BPC-157 has real preclinical data across dozens of animal models showing consistent healing effects. What it does not have is meaningful human evidence. Three pilot studies, one investigator, roughly 30 subjects, and no randomized controlled trial. The gap between the internet narrative and the published science is one of the largest in peptide research.

Frequently Asked Questions

Does BPC-157 actually work?

In animals, yes. Over 100 rat and mouse studies show accelerated healing in tendons, gastric ulcers, fistulas, and other injury models. In humans, we do not know. Only about 30 people have been studied across 3 small pilot studies, none of which included a control group or blinding. The animal results are consistent, but roughly 90% of drugs that work in animals fail when tested in people.

How many human studies exist for BPC-157?

Three. All were published by Edwin Lee in Alternative Therapies in Health and Medicine. The first (2021) tested knee injections in 12 patients. The second (2024) tested it for interstitial cystitis. The third (2025) tested IV safety in 2 healthy adults. No randomized controlled trials exist.

Why did the FDA ban BPC-157?

The FDA classified BPC-157 as a Category 2 bulk drug substance in 2023, meaning it cannot be legally compounded by pharmacies. The FDA cited three concerns: potential immune reactions, manufacturing impurity risks, and insufficient human safety data. BPC-157 has no approved indication in any country.

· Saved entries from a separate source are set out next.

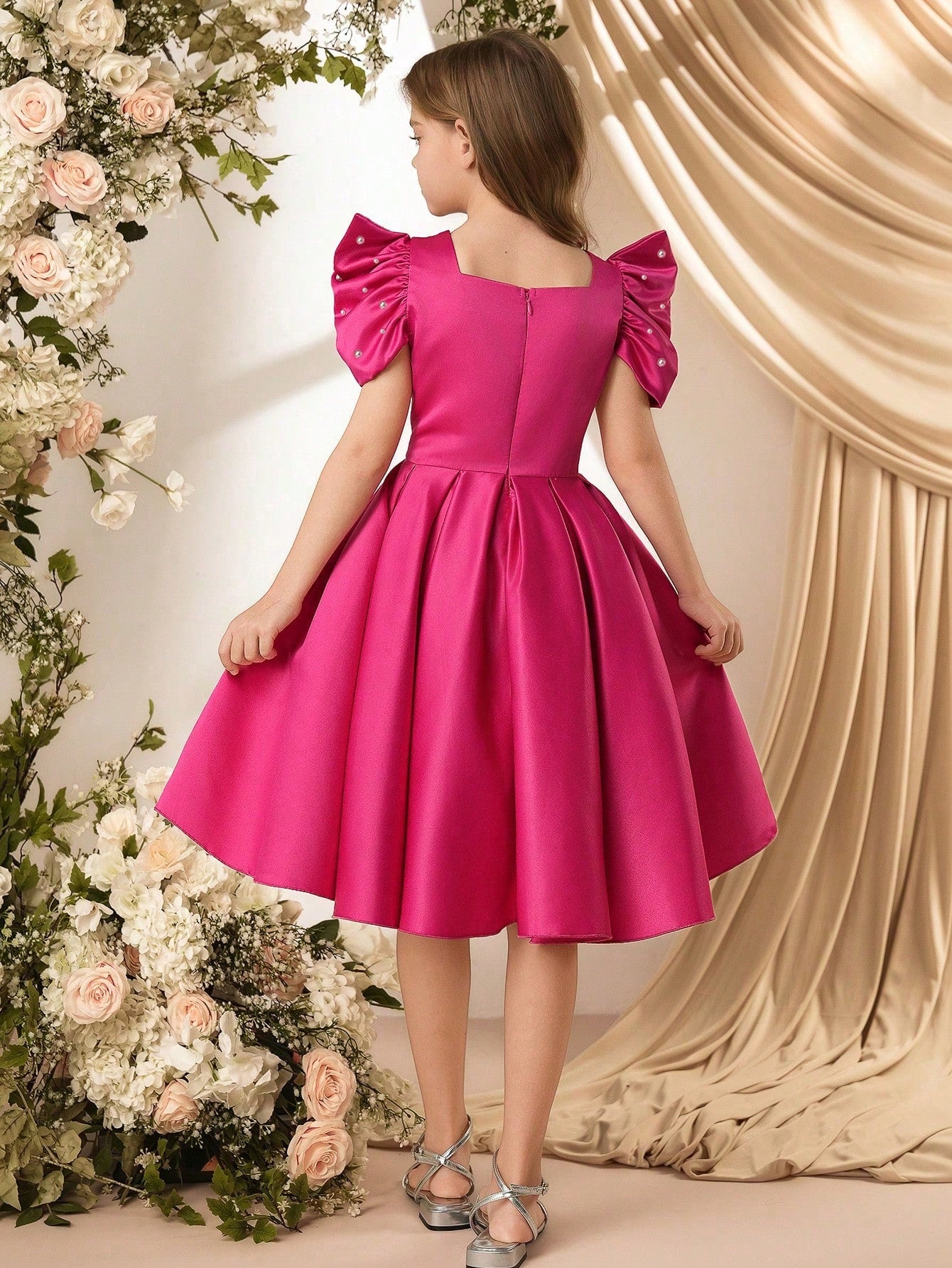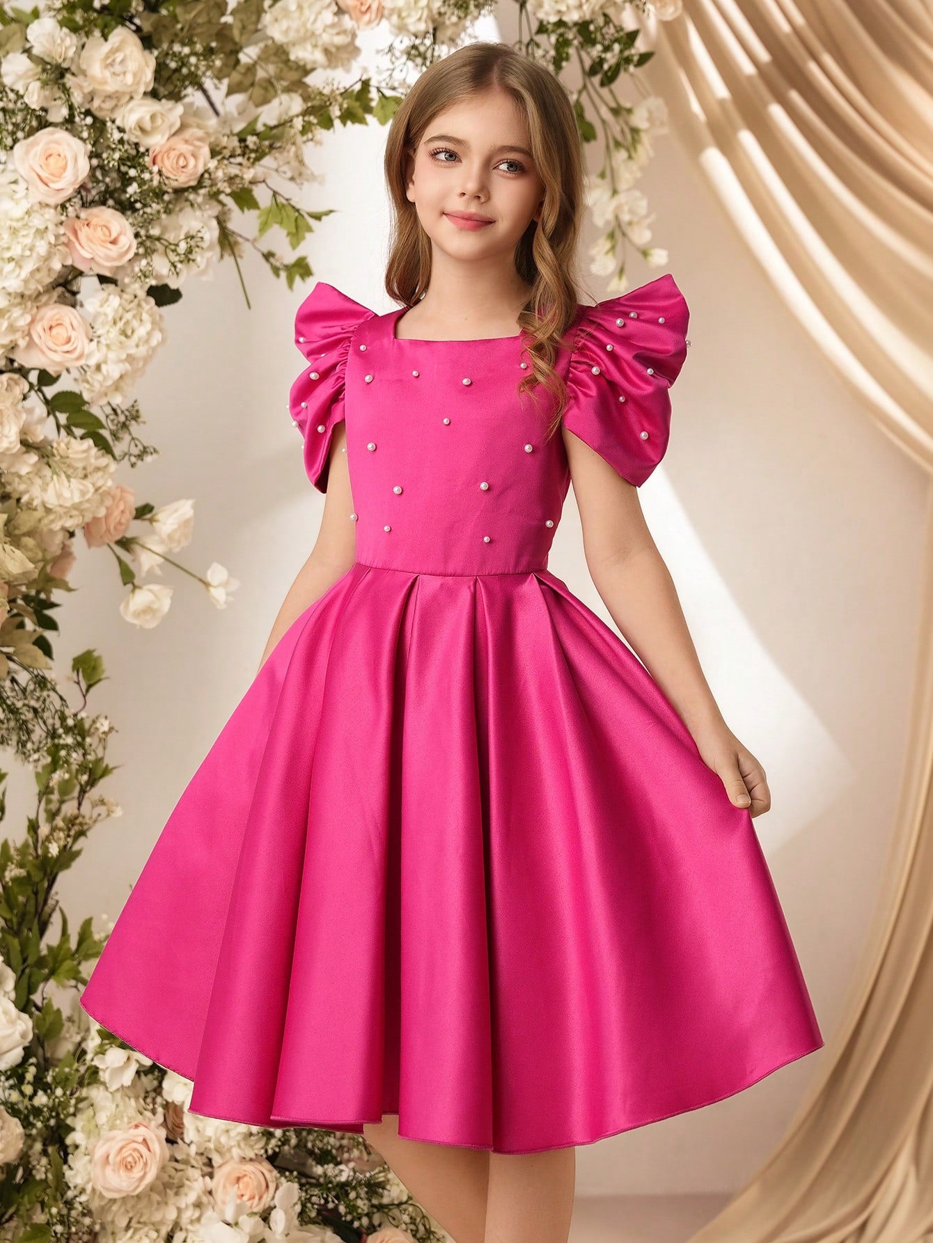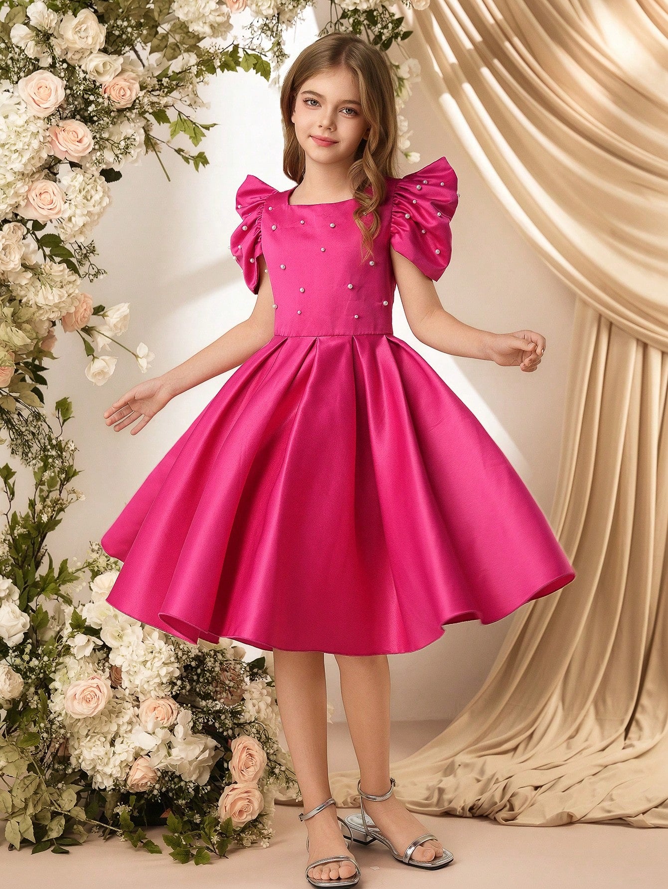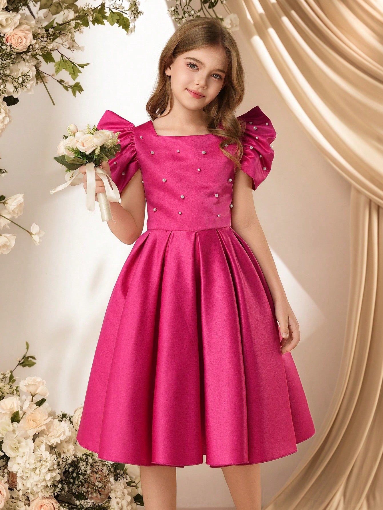 El Vestido Rosa Fucsia Elegante Con Perlas Para Niña es una prenda diseñada para transmitir distinción y dulzura en cada detalle. Su silueta en corte A línea con falda campana aporta volumen y movimiento, creando una caída fluida perfecta para momentos especiales. El escote cuadrado y las mangas con volantes añaden un aire de fantasía, mientras que el delicado detalle de perlas en la parte superior ilumina la prenda con un toque sofisticado y femenino.
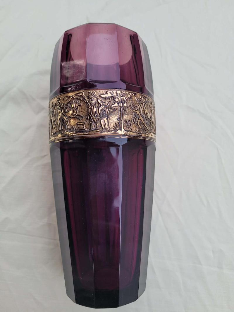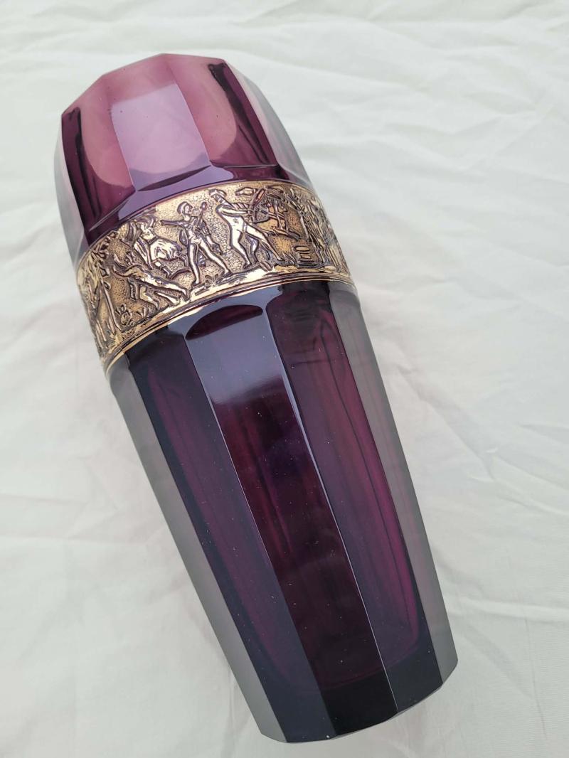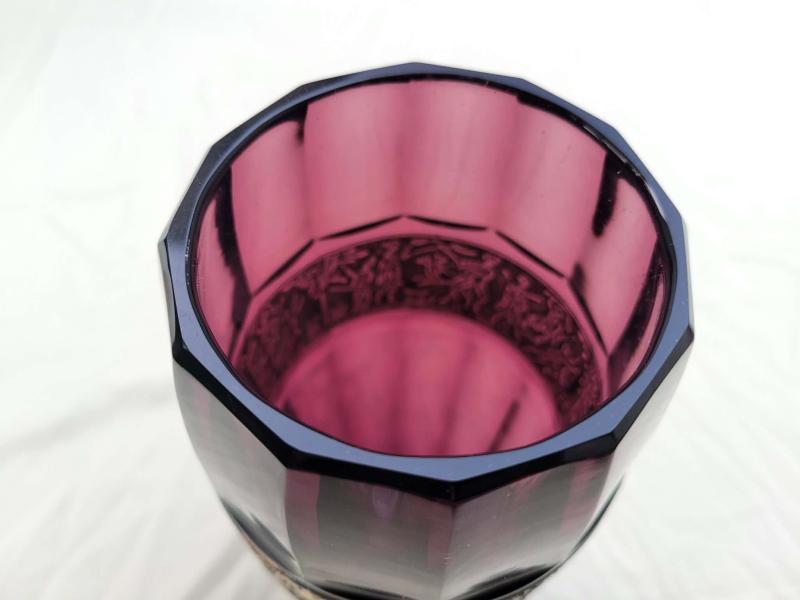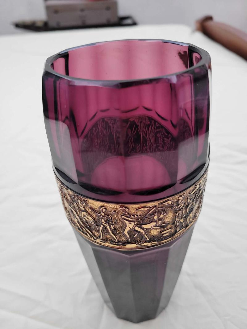Luxusní váza MOSER – ametystové sklo, zlacený reliéf, signováno r. cca1930-1945
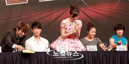 제작발표회에 소녀시대 티파니가 다른 출연자들과 달리 일어서서 인사를 하고 있다.
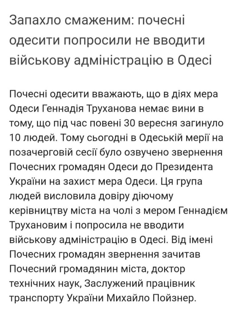 П’ятий матеріал «Запахло смаженим: почесні одесити попросили не вводити військову адміністрацію в Одесі» використовує сатиричні або емоційно забарвлені фрази («запахло смаженим») і збирає «почесних одеситів» як доказ громадської підтримки; тут маніпуляція відбувається через селекцію джерел та образів: кілька виступів підтягуються до загальної тези, ніби весь міський електорат проти військової адміністрації. Насправді публікації такого типу часто є реплікою піар-кампаній або ініціатив окремих груп. Читачам важливо розрізняти репрезентативні опитування/рішення і вибіркові заяви.
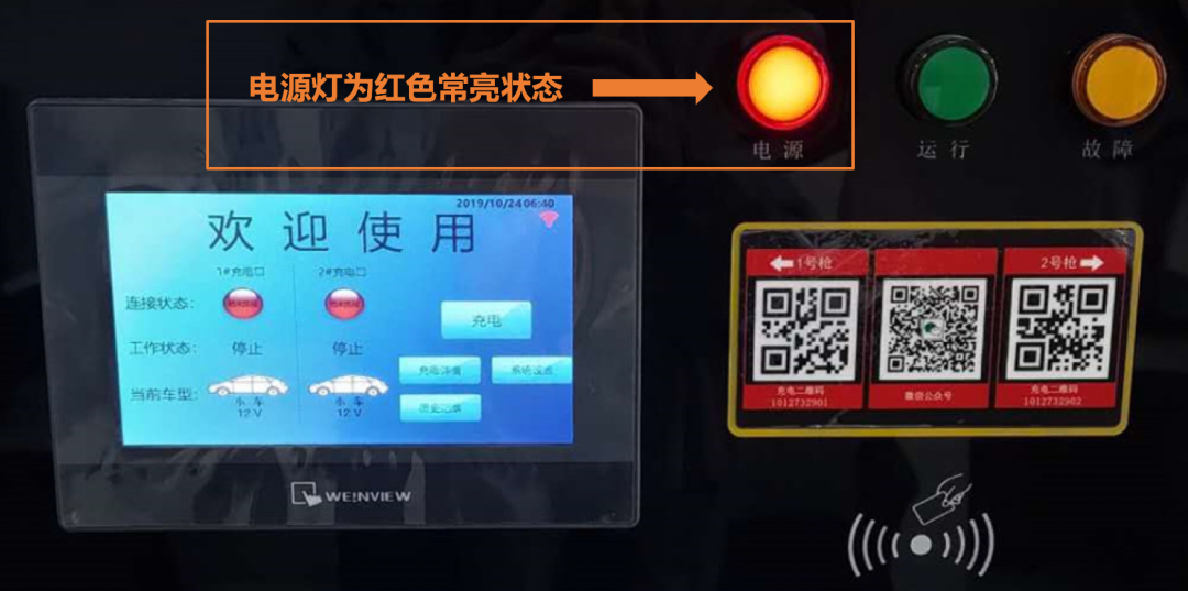 确认充电桩的运行灯处于绿色常亮状态,说明充电桩仍在运行。
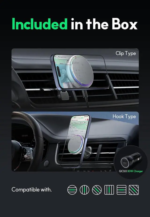 All-in-One Package: Everything you need is included Carple The Mount magnetic charger, 30W QC 3.0 car adapter, USB-C to USB-C cable, clip-style and hook-style vent mounts, and a user manual. No extra purchases neededjust unbox and start charging.
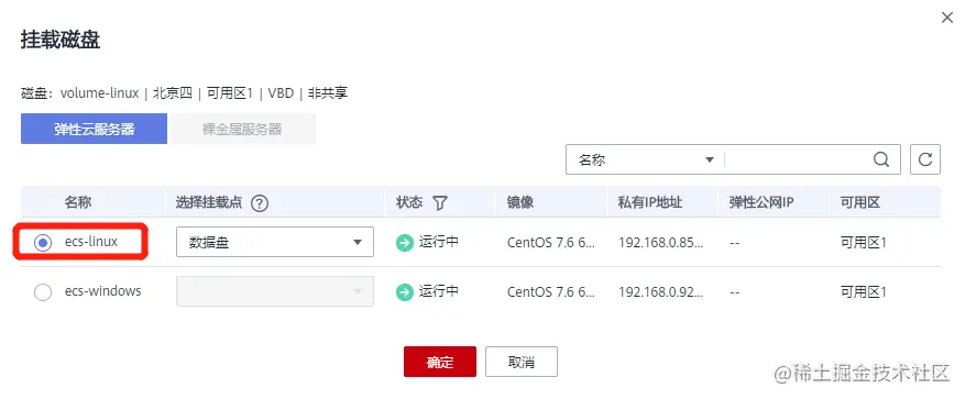 然后选云硬盘EVS待挂载的弹性云服务器ECS,此处我们选择ecs-linux,该弹性云服务器ECS必须与云硬盘EVS位于同一个可用分区,通过下拉列表选择“挂载点”,挂载点为数据盘,单击“确认”
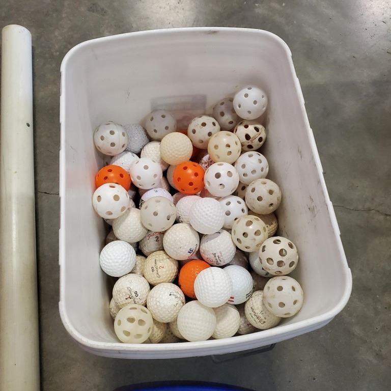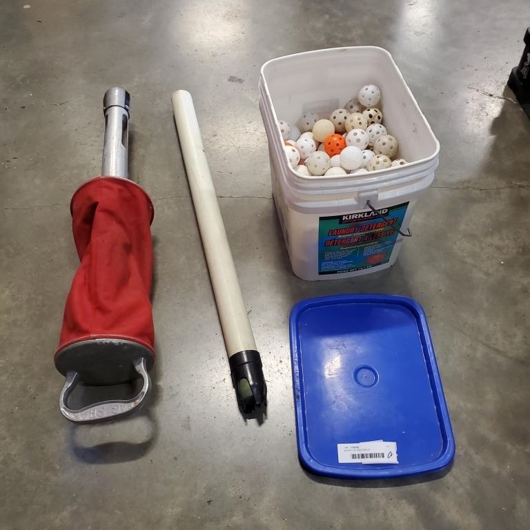 BUCKET OF GOLF BALLS W/ BALL SHAG

Is BPC-157 safe for humans?

The only formal safety study was conducted in rats (Xu et al., 2020), which found no acute toxicity at doses up to 10 mg/kg. In humans, 2 subjects tolerated IV infusion up to 20 mg without adverse events (Lee, 2025). That is the full extent of published human safety data. Products sold as "research peptides" are not regulated for purity or sterility.

Who does most BPC-157 research?

Predrag Sikiric's lab at the University of Zagreb has published over 150 of the approximately 544 papers on BPC-157. Sikiric is also CEO of Diagen, a company that holds BPC-157 patents. This conflict of interest was not disclosed in his published studies. Independent replication from other labs exists but is rare.

Was there ever a BPC-157 clinical trial for IBD?

Yes. Croatian pharmaceutical company Pliva sponsored Phase I and Phase II trials for BPC-157 in inflammatory bowel disease in the early 2000s. Phase I found it safe in healthy volunteers. Phase II for ulcerative colitis was initiated but results were never published. The trial registration on ClinicalTrials.gov has been listed as "unknown status" since 2016.